Carlos de Aragon, prince de Viana
Carlos de Aragon, prince de Viana (born May 29, 1421, Penafiel, Aragon [Spain]—died Sept. 23, 1461, Barcelona) was the prince de Viana and heir apparent to the throne of Navarre (from 1428), who intrigued for both the Navarrese and Aragonese crowns.
The son of the future John II of Aragon and Blanche, daughter of Charles III of Navarre, who succeeded her father in 1425, Carlos was accepted as heir apparent by the Navarrese Cortes. On Blanche’s death (1441) her testament was found to direct Carlos not to use the royal titles without his father’s consent. John, who regarded his son with jealous animosity, withheld consent, but Carlos, for a time, governed Navarre as viceroy; later, however, John sent his second wife, Juana of Castile, to supervise the Navarrese government (1451), and civil war began between beaumonteses, who defended Prince Carlos’ rights, and agramonteses, supporters of Juana. Defeated and disinherited, Carlos fled to the Neapolitan court of his uncle, Alfonso V of Aragon (1455), devoting himself to literary studies in Messina.
When Alfonso was succeeded in Aragon by John (1458), Carlos obeyed an order to return home and was enthusiastically received by the Catalans, who demanded his formal recognition as heir to the Aragonese throne.
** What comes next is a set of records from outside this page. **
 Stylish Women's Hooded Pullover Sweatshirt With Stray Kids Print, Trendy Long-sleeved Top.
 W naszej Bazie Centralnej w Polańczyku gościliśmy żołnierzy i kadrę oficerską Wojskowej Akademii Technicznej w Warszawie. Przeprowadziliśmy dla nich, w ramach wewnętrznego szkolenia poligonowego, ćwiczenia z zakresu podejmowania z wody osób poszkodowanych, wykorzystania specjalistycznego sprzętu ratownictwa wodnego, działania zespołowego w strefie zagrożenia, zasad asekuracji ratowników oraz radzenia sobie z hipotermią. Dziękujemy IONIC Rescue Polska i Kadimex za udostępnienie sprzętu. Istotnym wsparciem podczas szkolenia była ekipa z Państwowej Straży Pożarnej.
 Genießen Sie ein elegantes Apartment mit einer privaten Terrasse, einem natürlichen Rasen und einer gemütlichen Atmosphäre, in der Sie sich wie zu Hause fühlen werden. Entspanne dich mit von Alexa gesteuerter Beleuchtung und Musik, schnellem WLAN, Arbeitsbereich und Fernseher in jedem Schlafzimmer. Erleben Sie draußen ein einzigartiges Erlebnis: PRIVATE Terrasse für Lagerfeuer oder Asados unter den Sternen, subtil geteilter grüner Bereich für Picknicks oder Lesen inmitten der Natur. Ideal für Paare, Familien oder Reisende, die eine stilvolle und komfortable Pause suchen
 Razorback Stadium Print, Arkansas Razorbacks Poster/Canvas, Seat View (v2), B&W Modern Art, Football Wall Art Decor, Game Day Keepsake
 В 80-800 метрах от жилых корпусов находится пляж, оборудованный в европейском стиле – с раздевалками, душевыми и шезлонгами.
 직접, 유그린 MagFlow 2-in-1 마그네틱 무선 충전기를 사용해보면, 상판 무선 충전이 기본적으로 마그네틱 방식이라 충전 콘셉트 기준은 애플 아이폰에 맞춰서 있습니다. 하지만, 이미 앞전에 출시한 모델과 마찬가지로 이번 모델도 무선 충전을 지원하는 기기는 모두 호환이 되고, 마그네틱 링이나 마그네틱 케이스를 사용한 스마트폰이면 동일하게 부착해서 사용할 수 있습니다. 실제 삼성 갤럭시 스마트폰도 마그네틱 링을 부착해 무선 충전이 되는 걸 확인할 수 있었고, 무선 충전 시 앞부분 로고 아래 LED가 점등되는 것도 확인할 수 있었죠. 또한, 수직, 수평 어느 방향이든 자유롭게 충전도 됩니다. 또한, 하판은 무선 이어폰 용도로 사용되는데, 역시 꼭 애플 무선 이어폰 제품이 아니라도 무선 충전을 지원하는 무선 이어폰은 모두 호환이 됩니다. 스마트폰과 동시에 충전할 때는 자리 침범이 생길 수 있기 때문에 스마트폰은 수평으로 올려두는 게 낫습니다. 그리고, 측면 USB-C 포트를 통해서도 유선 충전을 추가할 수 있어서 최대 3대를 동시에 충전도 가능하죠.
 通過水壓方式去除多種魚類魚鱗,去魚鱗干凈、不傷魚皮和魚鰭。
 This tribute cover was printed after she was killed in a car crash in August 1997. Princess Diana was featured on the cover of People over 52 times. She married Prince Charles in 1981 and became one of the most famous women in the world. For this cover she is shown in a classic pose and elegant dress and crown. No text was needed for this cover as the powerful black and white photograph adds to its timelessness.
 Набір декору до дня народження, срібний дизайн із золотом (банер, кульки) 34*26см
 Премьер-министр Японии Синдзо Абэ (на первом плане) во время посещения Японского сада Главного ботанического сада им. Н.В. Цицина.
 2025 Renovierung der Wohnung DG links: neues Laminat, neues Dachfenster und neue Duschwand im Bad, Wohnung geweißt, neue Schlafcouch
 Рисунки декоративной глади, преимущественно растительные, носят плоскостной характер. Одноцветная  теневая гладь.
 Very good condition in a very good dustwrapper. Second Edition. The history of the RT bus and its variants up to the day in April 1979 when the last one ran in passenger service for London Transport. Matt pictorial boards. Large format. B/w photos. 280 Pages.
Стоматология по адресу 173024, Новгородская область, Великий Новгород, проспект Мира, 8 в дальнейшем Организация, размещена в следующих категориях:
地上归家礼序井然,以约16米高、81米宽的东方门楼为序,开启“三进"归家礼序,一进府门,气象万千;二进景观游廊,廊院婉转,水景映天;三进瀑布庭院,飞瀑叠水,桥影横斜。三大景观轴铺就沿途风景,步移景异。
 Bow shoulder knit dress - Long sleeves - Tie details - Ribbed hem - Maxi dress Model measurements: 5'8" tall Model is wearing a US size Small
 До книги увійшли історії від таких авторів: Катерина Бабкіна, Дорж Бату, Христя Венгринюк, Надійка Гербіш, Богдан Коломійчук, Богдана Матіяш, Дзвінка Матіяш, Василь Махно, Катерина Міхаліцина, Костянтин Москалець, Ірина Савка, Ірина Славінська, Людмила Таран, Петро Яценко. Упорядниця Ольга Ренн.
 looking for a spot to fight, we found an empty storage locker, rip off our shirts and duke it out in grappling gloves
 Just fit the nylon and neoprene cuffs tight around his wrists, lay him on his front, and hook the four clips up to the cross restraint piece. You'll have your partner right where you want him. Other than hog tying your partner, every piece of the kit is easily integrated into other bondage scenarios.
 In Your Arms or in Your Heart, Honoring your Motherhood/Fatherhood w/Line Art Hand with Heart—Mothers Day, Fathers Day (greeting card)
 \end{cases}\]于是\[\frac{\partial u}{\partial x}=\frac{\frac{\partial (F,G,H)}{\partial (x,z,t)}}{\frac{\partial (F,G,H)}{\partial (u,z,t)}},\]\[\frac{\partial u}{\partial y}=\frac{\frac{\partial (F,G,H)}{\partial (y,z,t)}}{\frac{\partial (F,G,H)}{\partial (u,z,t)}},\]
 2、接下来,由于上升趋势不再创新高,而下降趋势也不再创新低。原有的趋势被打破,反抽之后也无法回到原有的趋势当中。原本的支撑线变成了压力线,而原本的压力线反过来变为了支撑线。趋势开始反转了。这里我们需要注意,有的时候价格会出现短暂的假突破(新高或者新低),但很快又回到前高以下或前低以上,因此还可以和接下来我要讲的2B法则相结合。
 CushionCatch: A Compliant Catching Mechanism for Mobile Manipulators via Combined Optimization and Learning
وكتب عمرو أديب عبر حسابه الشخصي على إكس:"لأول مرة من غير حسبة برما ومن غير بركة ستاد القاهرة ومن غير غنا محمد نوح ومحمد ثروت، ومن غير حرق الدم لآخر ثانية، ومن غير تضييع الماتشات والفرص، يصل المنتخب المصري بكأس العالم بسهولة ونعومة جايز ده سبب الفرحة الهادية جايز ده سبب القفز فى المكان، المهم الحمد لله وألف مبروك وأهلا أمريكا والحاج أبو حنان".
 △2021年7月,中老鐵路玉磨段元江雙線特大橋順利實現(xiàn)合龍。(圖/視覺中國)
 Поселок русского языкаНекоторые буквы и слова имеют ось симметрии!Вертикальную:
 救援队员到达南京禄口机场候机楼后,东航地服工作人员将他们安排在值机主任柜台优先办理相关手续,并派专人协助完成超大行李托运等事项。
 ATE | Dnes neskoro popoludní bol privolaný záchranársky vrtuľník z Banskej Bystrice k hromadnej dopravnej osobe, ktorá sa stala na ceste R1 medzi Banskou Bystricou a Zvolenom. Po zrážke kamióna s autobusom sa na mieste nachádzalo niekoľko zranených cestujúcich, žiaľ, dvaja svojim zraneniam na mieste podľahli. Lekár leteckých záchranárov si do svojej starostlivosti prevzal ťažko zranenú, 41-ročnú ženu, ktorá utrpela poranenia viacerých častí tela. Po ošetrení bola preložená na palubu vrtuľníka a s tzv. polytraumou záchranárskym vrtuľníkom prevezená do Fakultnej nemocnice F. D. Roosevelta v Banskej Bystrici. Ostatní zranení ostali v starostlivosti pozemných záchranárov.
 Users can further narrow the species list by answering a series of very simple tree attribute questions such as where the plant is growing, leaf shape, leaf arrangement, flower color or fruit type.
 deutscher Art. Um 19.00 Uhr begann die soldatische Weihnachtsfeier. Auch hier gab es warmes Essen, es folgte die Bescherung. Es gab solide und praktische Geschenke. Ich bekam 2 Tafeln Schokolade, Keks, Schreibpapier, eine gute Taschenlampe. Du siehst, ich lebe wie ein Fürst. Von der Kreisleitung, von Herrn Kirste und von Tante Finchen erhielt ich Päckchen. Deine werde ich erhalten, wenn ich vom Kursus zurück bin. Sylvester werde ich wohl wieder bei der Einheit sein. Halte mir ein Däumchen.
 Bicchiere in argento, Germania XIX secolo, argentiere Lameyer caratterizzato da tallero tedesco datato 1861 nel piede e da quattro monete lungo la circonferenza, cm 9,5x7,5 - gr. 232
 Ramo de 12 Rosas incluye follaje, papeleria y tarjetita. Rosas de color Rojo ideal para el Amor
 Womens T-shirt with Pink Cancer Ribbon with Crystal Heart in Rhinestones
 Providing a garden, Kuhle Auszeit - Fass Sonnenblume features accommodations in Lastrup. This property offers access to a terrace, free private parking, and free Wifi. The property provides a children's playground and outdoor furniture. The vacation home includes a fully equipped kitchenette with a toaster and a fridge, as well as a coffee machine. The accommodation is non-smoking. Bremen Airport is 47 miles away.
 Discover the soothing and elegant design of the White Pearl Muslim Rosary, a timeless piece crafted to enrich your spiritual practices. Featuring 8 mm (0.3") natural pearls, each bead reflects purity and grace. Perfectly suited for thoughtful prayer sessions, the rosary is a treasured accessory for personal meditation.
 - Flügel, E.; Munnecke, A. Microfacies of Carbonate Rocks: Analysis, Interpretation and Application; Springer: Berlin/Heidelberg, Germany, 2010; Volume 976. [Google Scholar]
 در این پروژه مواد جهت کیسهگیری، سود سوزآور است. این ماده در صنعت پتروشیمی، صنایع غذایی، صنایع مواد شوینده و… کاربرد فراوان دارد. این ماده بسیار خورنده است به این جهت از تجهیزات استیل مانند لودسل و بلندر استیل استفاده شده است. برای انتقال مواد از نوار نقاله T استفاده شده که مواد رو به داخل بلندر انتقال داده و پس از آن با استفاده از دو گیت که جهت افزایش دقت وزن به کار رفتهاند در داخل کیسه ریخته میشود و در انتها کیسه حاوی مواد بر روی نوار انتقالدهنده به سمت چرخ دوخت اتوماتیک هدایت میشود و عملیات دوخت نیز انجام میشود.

The intrigues of Queen Juana on behalf of her own son Ferdinand prevented this, and Carlos was imprisoned by his father (1460). The Catalans then rebelled (February 1461), forcing John II to proclaim Carlos his heir and governor of Catalonia (June). But the prince died, leaving John to cope with a general uprising of the Catalans, who believed—probably without reason—that Carlos had been murdered.